Hersh’s column also described how Joint Chiefs of Staff Chairman Michael Dempsey had been instrumental late last summer in thwarting White House enthusiasm for a bombing attack on Syria.Madsen broke that story Sept. 1 in a column, Obama caved under last-minute pressure from Dempsey, published on the Wayne Madsen Report, a subscription site he edits.
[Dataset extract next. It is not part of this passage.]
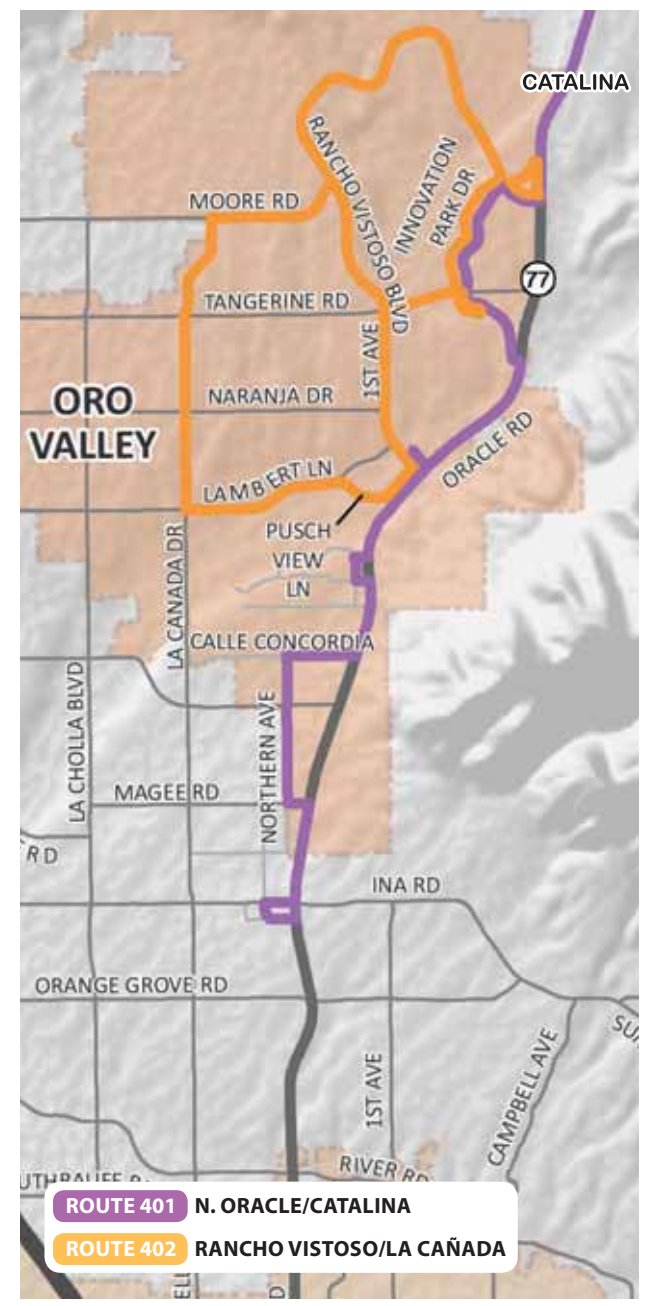
ROUTE 401 N. ORACLE/CATALINA ROUTE 402 RANCHO VISTOSO/LA CAÑADA

I followed up with two source-based reports of my own on Sept. 3 and 4. The first was Did America's Top General Save Nation From Open-Ended War in Syria? In the column, I reported:
President Obama was ready to launch the United States into a new Mideast war in Syria over the Labor Day weekend until the nation's top general persuaded him that he would be blamed for serious unintended consequences that could arise, according to usually well-informed sources speaking in confidence.
The general was Martin E. Dempsey, a career Army officer who became chairman of the U.S. Joint Chiefs of Staff in 2011. He persuaded the president that military implications could escalate beyond the limited boundaries White House civilian advisors had claimed in convincing the president as of late Friday night to move forward with bombing campaign.
My second column was Learn the Truth About Benghazi Before Syria Vote! It raised questions about the quality of evidence against Syria in the chemical gas attack the previous month.
Hersh’s column this weekend and a previous one in December, Whose Sarin?, raised the same point.
Significantly, the New Yorker had refused to carry the story by its longtime star national security correspondent. The Washington Post also rejected Hersh's column.
The inability of an iconic investigative reporter to obtain a mainstream outlet for his work illustrates the obstacles anyone else would face. The hurdles are especially high for those seeking to report facts and opinions objectionable to the neo-conservative / neo-liberal alliance that dominates mainstream media and government foreign policy.The Shuler Case Study
All of this is underscores the important work of such organizations as Project Censored, which originally published this column – and each of you as patient readers.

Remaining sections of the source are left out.